### Dataset records ###

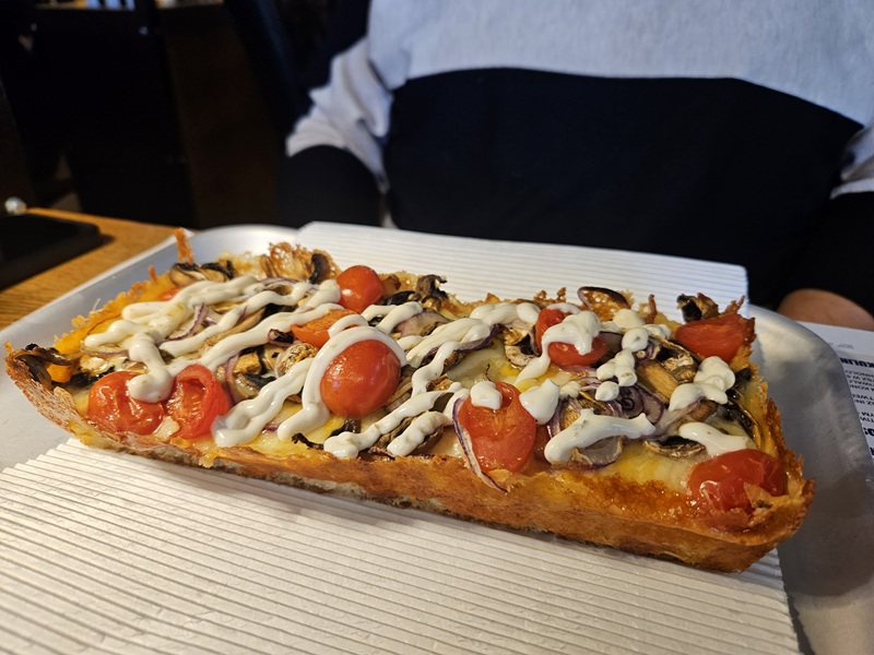 W ramach menu bezmięsnego mieliśmy przyjemność spróbować pizzy z pieczarkami, cebulą, pomidorkami cherry i sosem ziołowym. To danie było dokładnie tym, czego się spodziewaliśmy. Zdecydowanie nie zawiodło oczekiwań - pizza smakiem przypominała nam domową klasykę, jaką jest pizza na grubym spodzie.
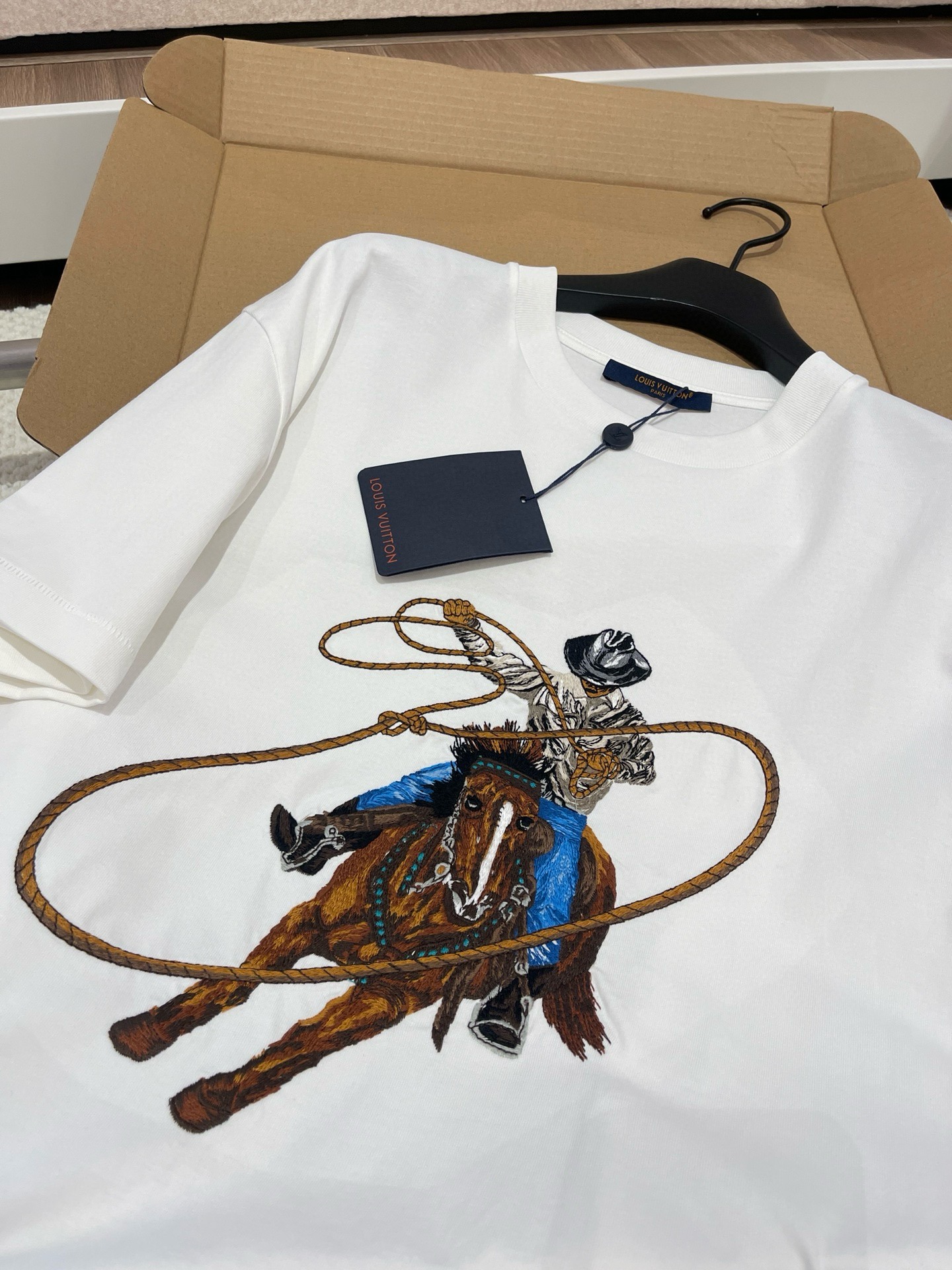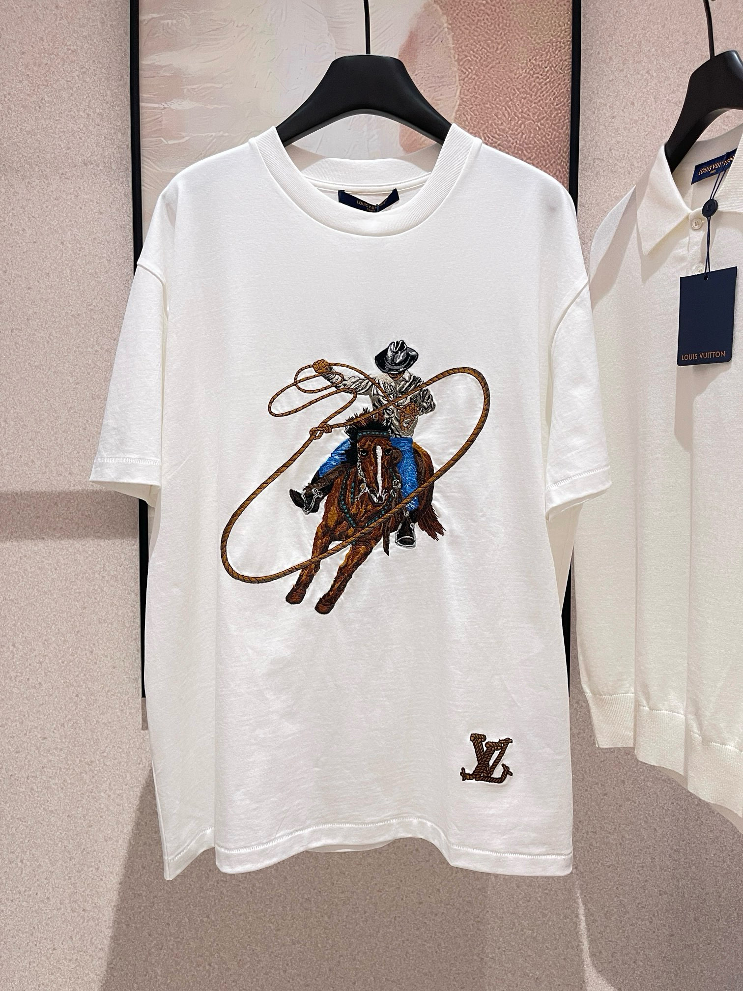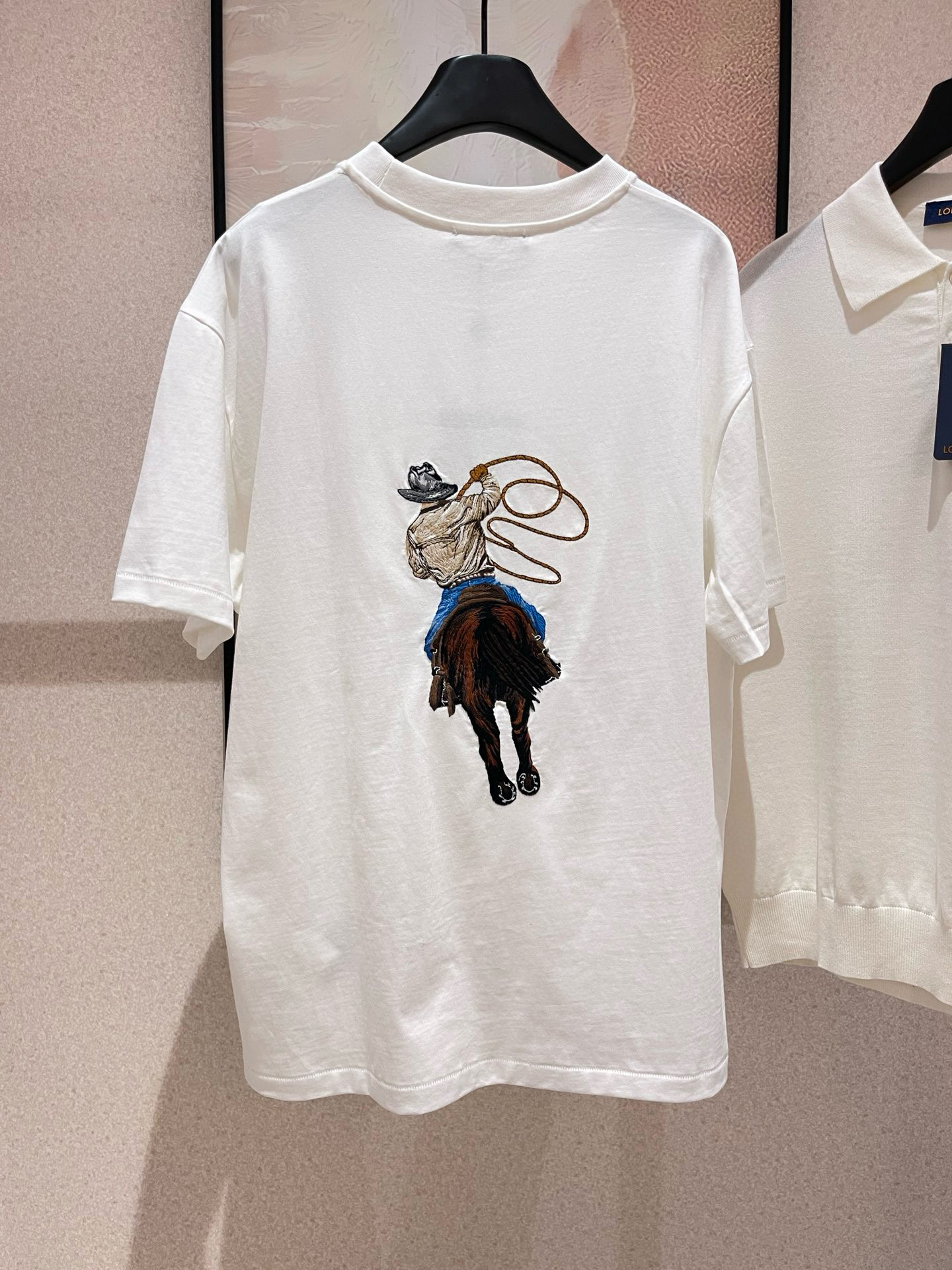 NIGO Louis Vuitton Men's Summer Cowboy Logo Pattern Print Embroidery Round Neck Cotton Short Sleeve T-Shirt #nigo72461
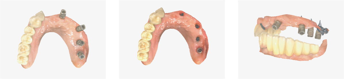 Met de AI scan functie herkent en filtert de software automatisch onnodige zachte weefseldata tijdens het scannen. Dit resulteert in een sneller scanproces met een duidelijker beeld! Tevens kunt u met één klik een 3D-printbasis/ model met de scanner software ontwerpen zonder ingewikkelde externe ontwerpsoftware. Eenvoudig en snel! Ook is het mogelijk om implantaten/scanabutments te importeren met één klik, zodat u de juiste data heeft en het aantal remakes beperkt.
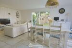 À l'extérieur, une terrasse prolonge l'espace de vie vers un jardin facile à entretenir.
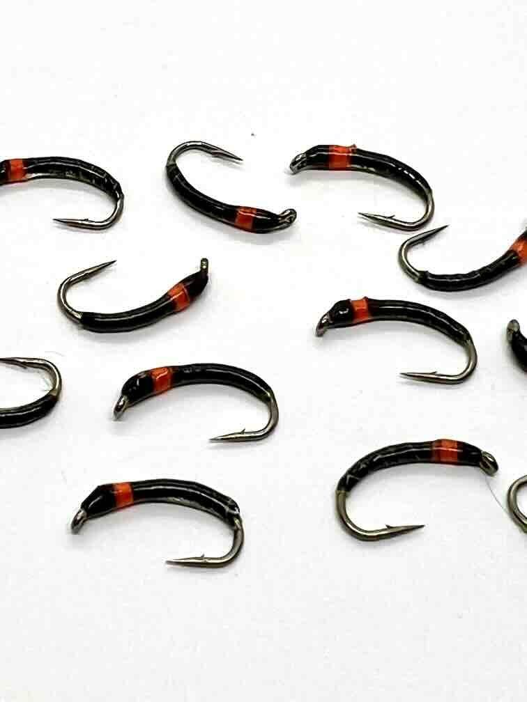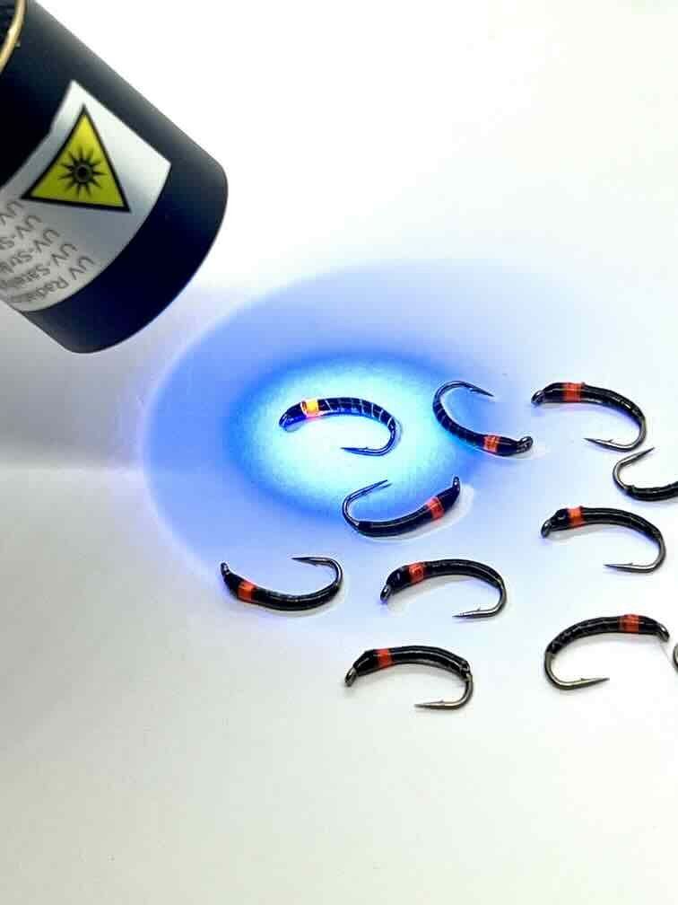 Chiro pour la pêche en réservoir. Ce chironome a la particularité d'avoir d'une part, une collerette (tag) orange fluo et d'autre part, un cerclage qui lui aussi réagit aux UV ce qui le rend très attractif.

###

» **Work instruction**
Take the records above and transcribe them exactly, dropping every picture.

» **Solved problem**
 W ramach menu bezmięsnego mieliśmy przyjemność spróbować pizzy z pieczarkami, cebulą, pomidorkami cherry i sosem ziołowym. To danie było dokładnie tym, czego się spodziewaliśmy. Zdecydowanie nie zawiodło oczekiwań - pizza smakiem przypominała nam domową klasykę, jaką jest pizza na grubym spodzie.
 NIGO Louis Vuitton Men's Summer Cowboy Logo Pattern Print Embroidery Round Neck Cotton Short Sleeve T-Shirt #nigo72461
 Met de AI scan functie herkent en filtert de software automatisch onnodige zachte weefseldata tijdens het scannen. Dit resulteert in een sneller scanproces met een duidelijker beeld! Tevens kunt u met één klik een 3D-printbasis/ model met de scanner software ontwerpen zonder ingewikkelde externe ontwerpsoftware. Eenvoudig en snel! Ook is het mogelijk om implantaten/scanabutments te importeren met één klik, zodat u de juiste data heeft en het aantal remakes beperkt.
 À l'extérieur, une terrasse prolonge l'espace de vie vers un jardin facile à entretenir.
 Chiro pour la pêche en réservoir. Ce chironome a la particularité d'avoir d'une part, une collerette (tag) orange fluo et d'autre part, un cerclage qui lui aussi réagit aux UV ce qui le rend très attractif.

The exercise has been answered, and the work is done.